## Required action
Copy the lines below word for word, skipping any image.

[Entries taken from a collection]
================
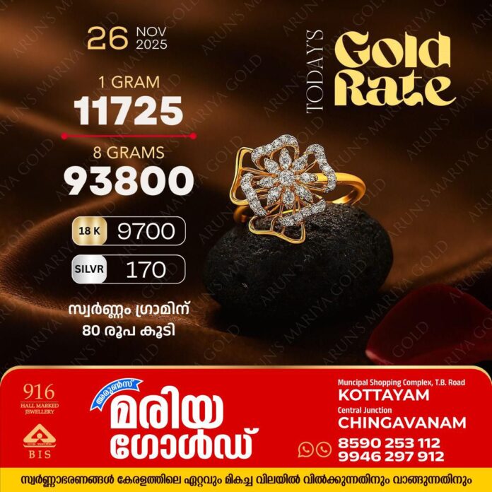 അറിയാം അരുൺസ് മരിയാ ഗോൾഡിലെ ഇന്നത്തെ സ്വർണ വില. 93,800 രൂപയാണ് ഇന്ന് ഒരു പവൻ സ്വർണത്തിൻ്റെ വിപണി വില. 11,725 രൂപയാണ് ഒരു ഗ്രാം സ്വർണത്തിന് ഇന്ന് നൽകേണ്ടത്.
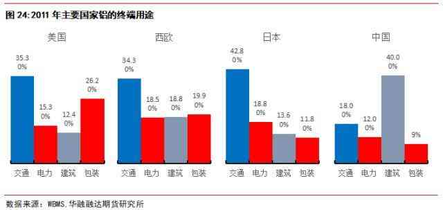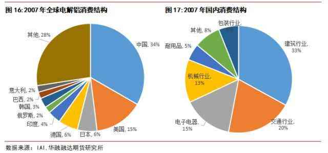 中国现在在全球消费中扮演着领导角色,其市场份额从1972年的2%膨胀到2007年的34%。国内消费建筑行业用铝占到33%,其次是交通运输行业20%,电力行业和机械行业分别占比为15%,13%。
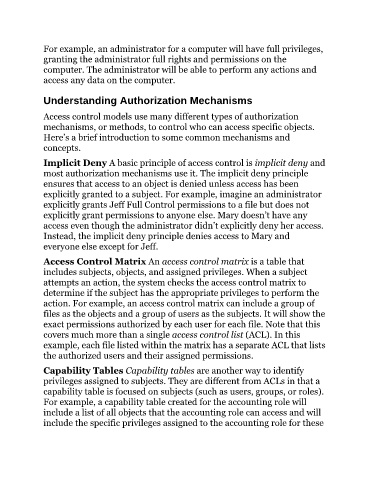 explicitly granted to a subject. For example, imagine an administrator
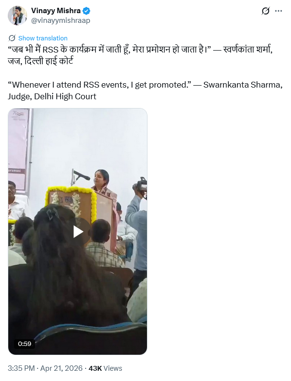 आम आदमी पार्टी के पूर्व विधायक विनय मिश्रा ने लिखा, ‘जब भी मैं RSS के कार्यक्रम में जाती हूँ, मेरा प्रमोशन हो जाता है। स्वर्णकांता शर्मा जज, दिल्ली हाई कोर्ट Whenever I attend RSS events, I get promoted. Swarnkanta Sharma, Judge, Delhi High Court’
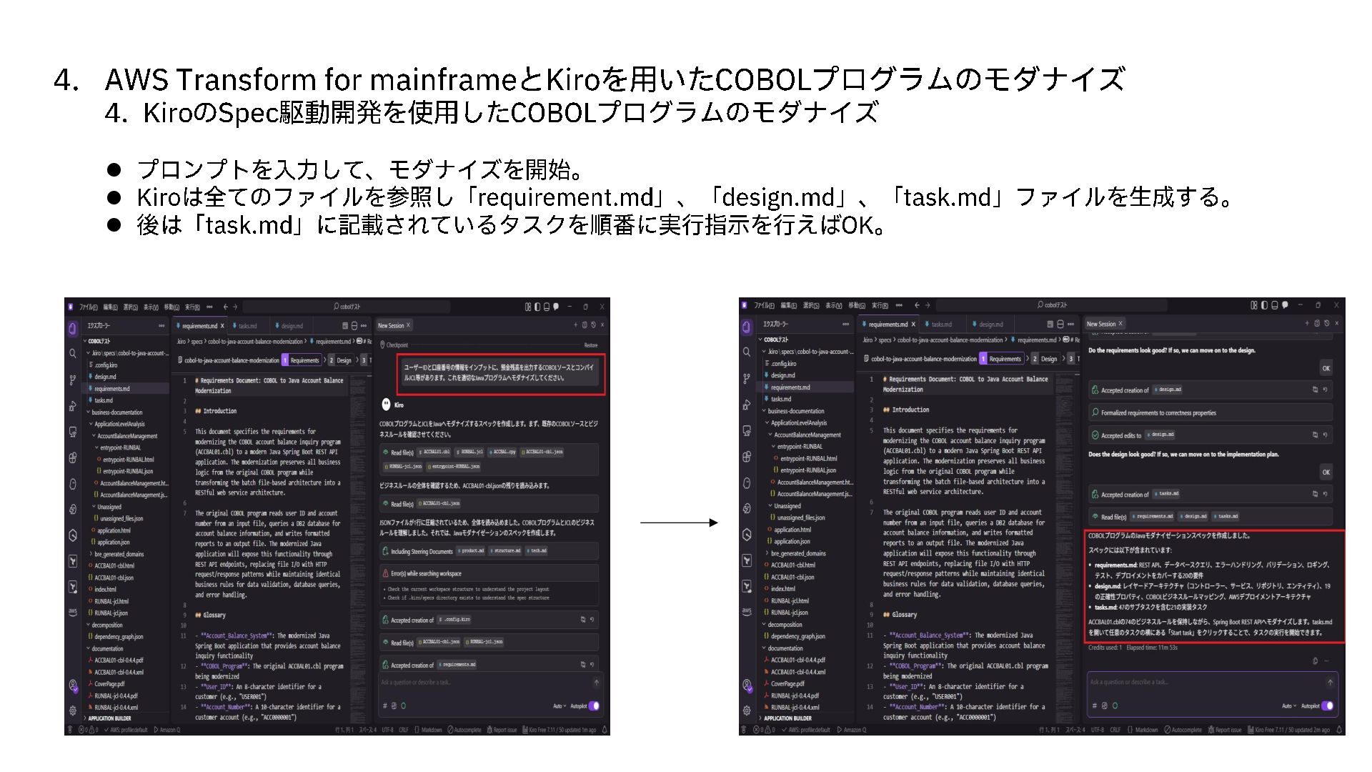 4. AWS Transform for mainframe と Kiro を用いた COBOLプログラムのモダナイズ 4.
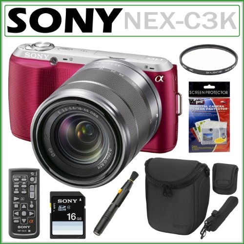 Sony Alpha NEX-C3K 16 MP Compact Interchangeable Lens Digital Camera in Pink with Sony SEL1855 18-55mm Zoom Lens + Sony 16GB SDHC by Sony
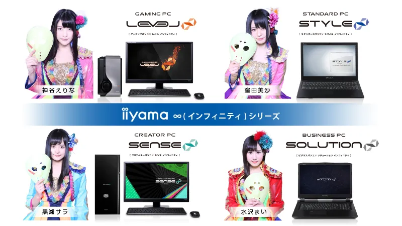 弊社が販売する、信頼のJAPAN QUALITY「iiyama PC」ブランド製品をより深く知って頂く為、仮面女子メンバーから選抜した“神谷えりな”、“窪田美沙”、“黒瀬サラ”、“水沢まい”の4名で結成される新アイドルユニット「無限女子 ~ powered by 仮面女子 ~」を結成。各選抜メンバーには、「iiyama PC」の各プロダクトブランド「インフィニティシリーズ」ごとのイメージガールに就任の上、今後の活動を通じて各分野をより多くのお客様に知って頂けるように活動を進めてまいります。
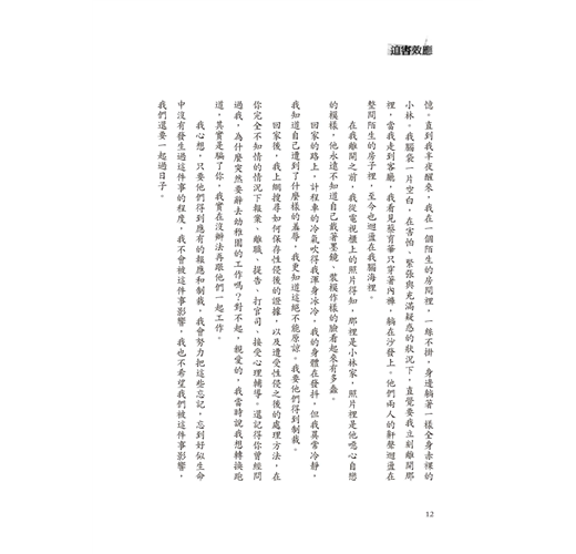 回家後,我上網搜尋如何保存性侵後的證據,以及遭受性侵之後的處理方法,在你完全不知情的情況下報案、離職、提告、打官司、接受心理輔導。還記得你曾經問過我,為什麼突然要辭去幼稚園的工作嗎?對不起,親愛的,我當時說我想轉換跑道,其實是騙了你,我實在沒辦法再跟他們一起工作。
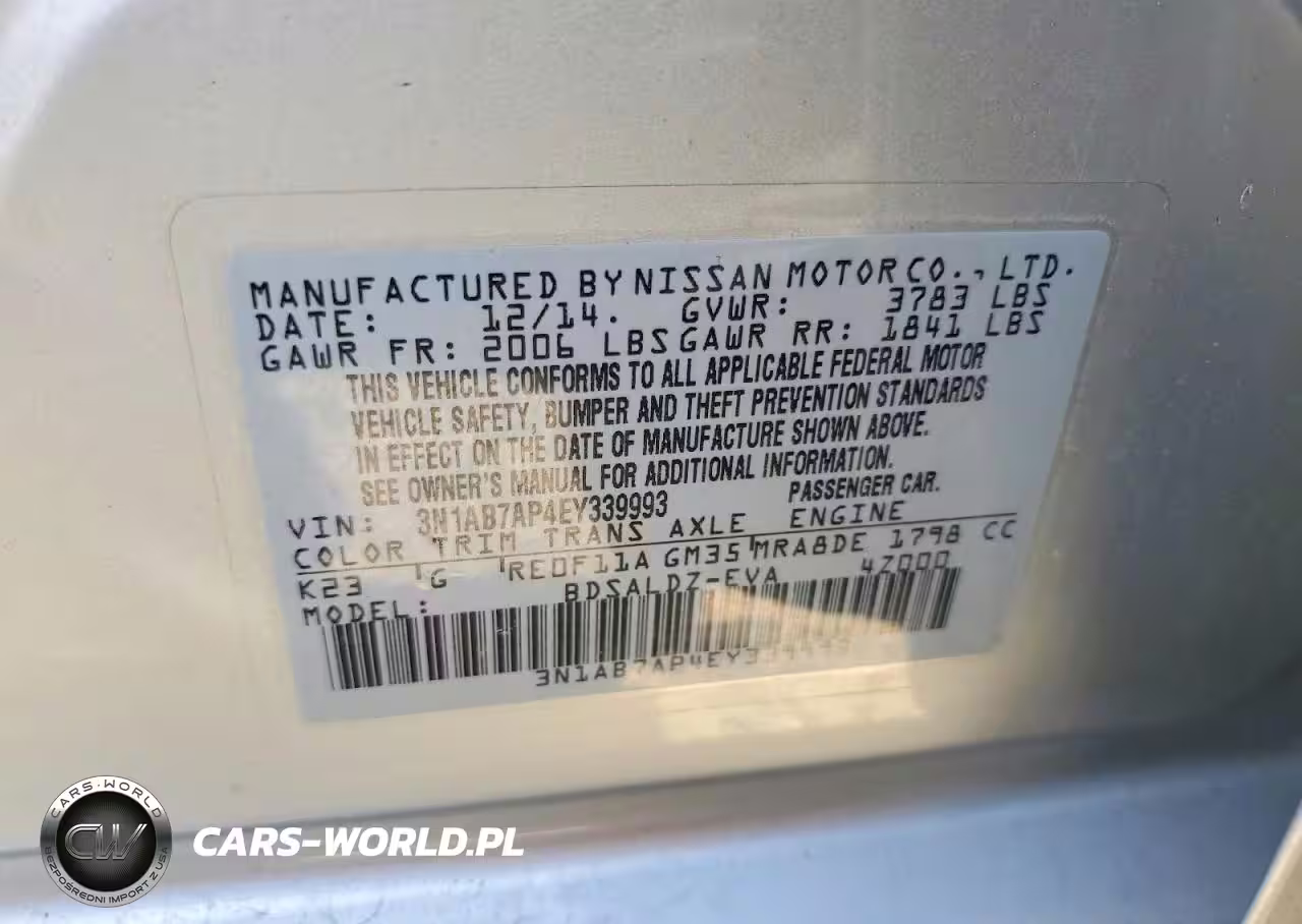 Copart Nr: C-47288056 VIN: 3N1AB7AP4EY339993 Port: Los Angeles, CA
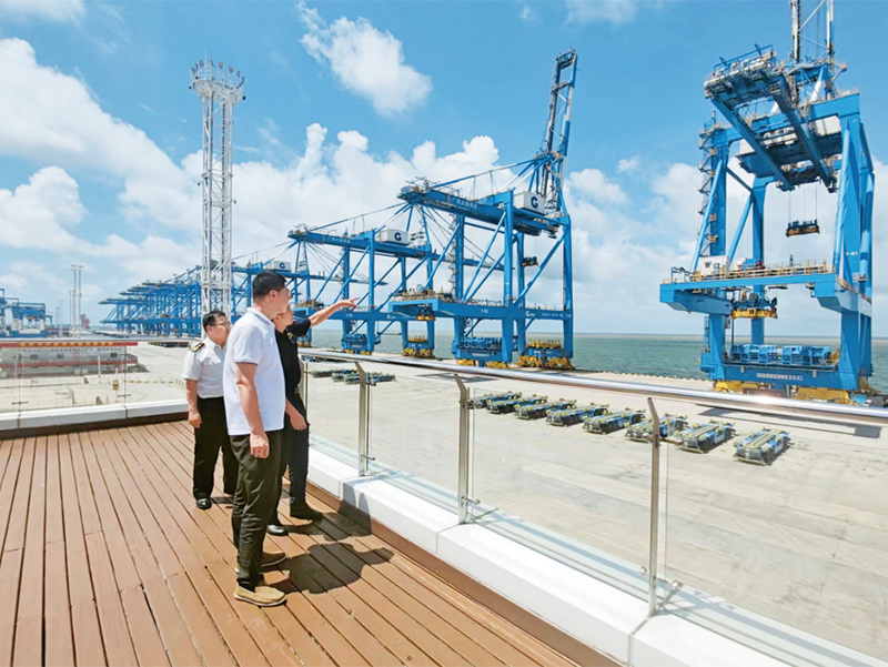 图为2023年7月12日,审计署驻太原特派员办事处在海关审计中,深入广西钦州港自动化码头,重点关注进境货物后续监管,实地走访进境货物加工企业,调查了解海铁联运运行等情况。审计署供图
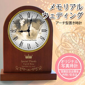 ギフト対 応 結婚式にご両親へのサプライズ!記念品贈呈にお使い頂ける置き時計です。 文字盤には写真をカラー印刷、木枠にはご希望の文字を彫刻します。 重厚感のあるアーチ型の置き時計、明るい茶色木素材は年数がたつと落ち着いた色
================
## Result for this exercise
 അറിയാം അരുൺസ് മരിയാ ഗോൾഡിലെ ഇന്നത്തെ സ്വർണ വില. 93,800 രൂപയാണ് ഇന്ന് ഒരു പവൻ സ്വർണത്തിൻ്റെ വിപണി വില. 11,725 രൂപയാണ് ഒരു ഗ്രാം സ്വർണത്തിന് ഇന്ന് നൽകേണ്ടത്.
 中国现在在全球消费中扮演着领导角色,其市场份额从1972年的2%膨胀到2007年的34%。国内消费建筑行业用铝占到33%,其次是交通运输行业20%,电力行业和机械行业分别占比为15%,13%。
 explicitly granted to a subject. For example, imagine an administrator
 आम आदमी पार्टी के पूर्व विधायक विनय मिश्रा ने लिखा, ‘जब भी मैं RSS के कार्यक्रम में जाती हूँ, मेरा प्रमोशन हो जाता है। स्वर्णकांता शर्मा जज, दिल्ली हाई कोर्ट Whenever I attend RSS events, I get promoted. Swarnkanta Sharma, Judge, Delhi High Court’
 4. AWS Transform for mainframe と Kiro を用いた COBOLプログラムのモダナイズ 4.
 Sony Alpha NEX-C3K 16 MP Compact Interchangeable Lens Digital Camera in Pink with Sony SEL1855 18-55mm Zoom Lens + Sony 16GB SDHC by Sony
 弊社が販売する、信頼のJAPAN QUALITY「iiyama PC」ブランド製品をより深く知って頂く為、仮面女子メンバーから選抜した“神谷えりな”、“窪田美沙”、“黒瀬サラ”、“水沢まい”の4名で結成される新アイドルユニット「無限女子 ~ powered by 仮面女子 ~」を結成。各選抜メンバーには、「iiyama PC」の各プロダクトブランド「インフィニティシリーズ」ごとのイメージガールに就任の上、今後の活動を通じて各分野をより多くのお客様に知って頂けるように活動を進めてまいります。
 回家後,我上網搜尋如何保存性侵後的證據,以及遭受性侵之後的處理方法,在你完全不知情的情況下報案、離職、提告、打官司、接受心理輔導。還記得你曾經問過我,為什麼突然要辭去幼稚園的工作嗎?對不起,親愛的,我當時說我想轉換跑道,其實是騙了你,我實在沒辦法再跟他們一起工作。
 Copart Nr: C-47288056 VIN: 3N1AB7AP4EY339993 Port: Los Angeles, CA
 图为2023年7月12日,审计署驻太原特派员办事处在海关审计中,深入广西钦州港自动化码头,重点关注进境货物后续监管,实地走访进境货物加工企业,调查了解海铁联运运行等情况。审计署供图
 ギフト対 応 結婚式にご両親へのサプライズ!記念品贈呈にお使い頂ける置き時計です。 文字盤には写真をカラー印刷、木枠にはご希望の文字を彫刻します。 重厚感のあるアーチ型の置き時計、明るい茶色木素材は年数がたつと落ち着いた色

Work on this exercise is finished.